Consistency model
Oxia is both a coordination service and a metadata store. For coordination workloads the guarantees determine whether fencing, leader election, and session tracking behave correctly under failure. For metadata workloads they determine whether pointers to external data — object-storage paths, ledger IDs, log offsets — stay consistent with that data. Losing or reordering a metadata entry can make the underlying data permanently unreachable, so Oxia aims at guarantees comparable to those of storage systems, not weaker than a typical coordination service.
What Oxia guarantees
These guarantees apply to every successful operation.
-
Per-key linearizability with read-after-write. For any single key, successful operations appear to execute atomically in a total order consistent with real time. Once a write is acknowledged, every subsequent operation on that key — from any client — observes that write or a later one, regardless of transient failures, leader failover, or reconnects. A read never returns an older value than an update that has already been acknowledged.
-
Durable after acknowledgment. Once an operation returns success, its effect survives the crash of any minority of replicas in the shard. The ack is issued only after a quorum of replicas has durably persisted the entry.
-
Ordered sequence generation. When a client uses atomic sequence keys to assign monotonic offsets, the order in which that client’s asynchronous operations are applied is preserved under all conditions — including failures and retries.
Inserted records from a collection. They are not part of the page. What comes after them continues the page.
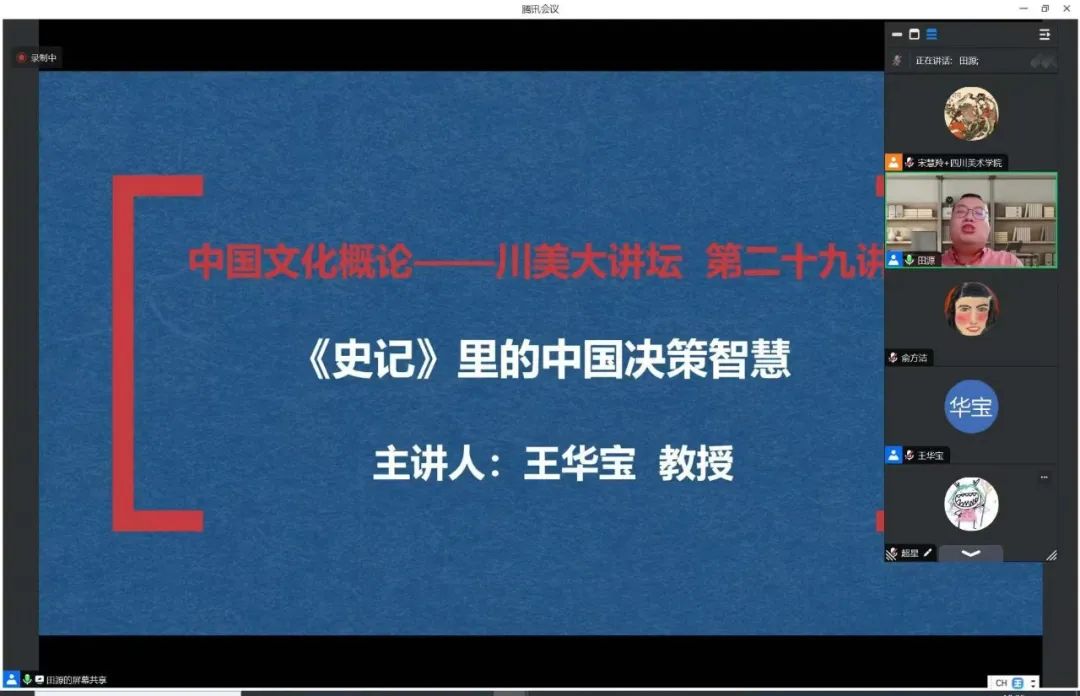 此次讲座兼具史学理论与现实意义,王华宝教授切中决策智慧的核心问题,对《史记》里的文体样式、经典故事、人物谱系、伦理道德、政治军事等多维度的综合阐释,聚焦中国哲学社会科学话语的重要范畴,增强了我们对中国决策的史学涵养。大学生从古人智慧里赓续文化基因,运用到专业学习、日常生活以及未来工作的各个场域。全面丰富的研究内容与饱含哲思的文化阐释,契合了四川美术学院通识教育的理念宗旨,以文化精髓刺激艺术灵感,构建完整人格。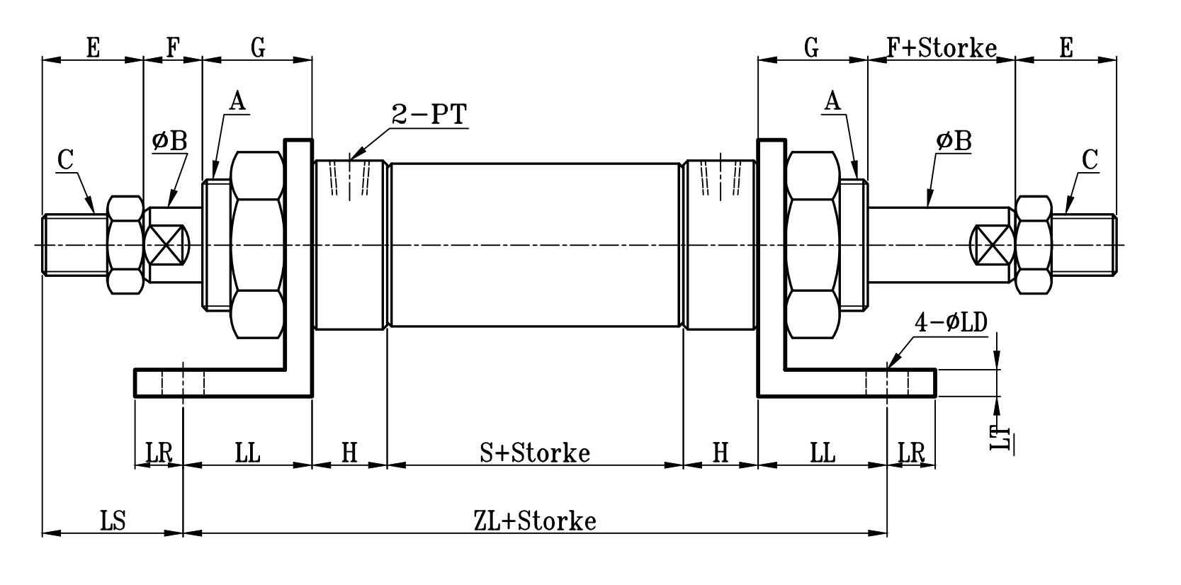 缸徑 BORE | A | ΦB | C | E | F | G | H | ΦI | P | P1 | PT | S | LS | ZL | ΦLD | LH | LN | LL | LR | LT | LX | LY |
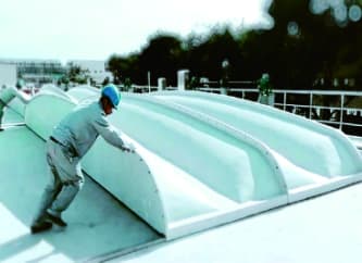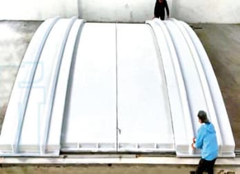 2、玻璃钢罩盖按实际测绘后制作:形状统一、大小一致、荷载分布均衡,无论是池形如何、老池改造还是新建项目都按合理的方法来安装罩盖,无需另外考虑结构加固或设立支点等,升级改造项目无须停产施工。
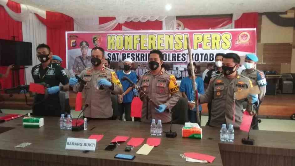 Sementara itu barang bukti yang diamankan 1 pucuk senpi laras panjang rakitan, 1 pucuk pistol , sebilah parang dan sebatang kayu.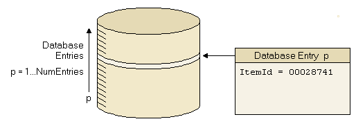 Accessing a particular entry of the database is normally performed by using its database entry number p (see figure below). However, entry numbers may change during the lifetime of a database (i.e. after deleting one or more entries). Consequently, they must not be used to set up relations between database entries. In order to have a reliable, never-changing and unique key to the data in the database, each new entry automatically receives an item ID (parameter ItemID) which can be used to access a particular database entry even when the entry number has changed.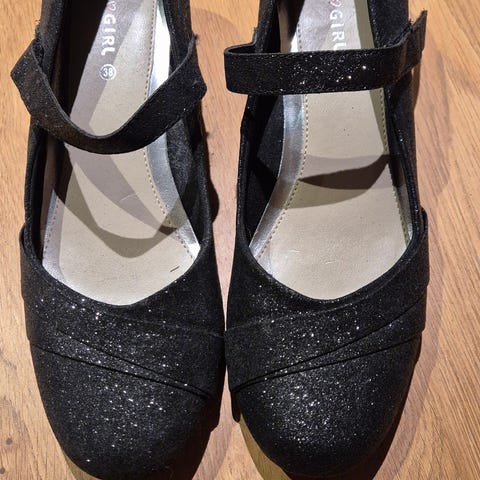 Høyhelte glitter sko str 38/39 7cm

What Oxia does not guarantee
-
No cross-shard linearizability. Each shard is linearizable on its own, but operations on different shards have no defined real-time relationship. Two clients writing to different shards may disagree about which write “happened first.”
-
No multi-key transactions across shards. Atomic updates apply to a single shard; a batch that touches keys on different shards is not committed atomically across them.
-
No global total order. Notifications are ordered per shard; there is no cluster-wide monotonic timestamp.
Coordination workloads rarely hit these limits: fencing, leader election, session tracking, and offset assignment all operate on a single key or a co-located key range, and related keys can be pinned to the same shard with a partition key.
How these guarantees are enforced and validated
Under the hood the shard replication protocol maintains a small set of invariants that together imply the external guarantees above. See protocol safety for the invariants and the leader-failover procedure, and the TLA+ and Maelstrom pages for the formal and empirical validation pipelines.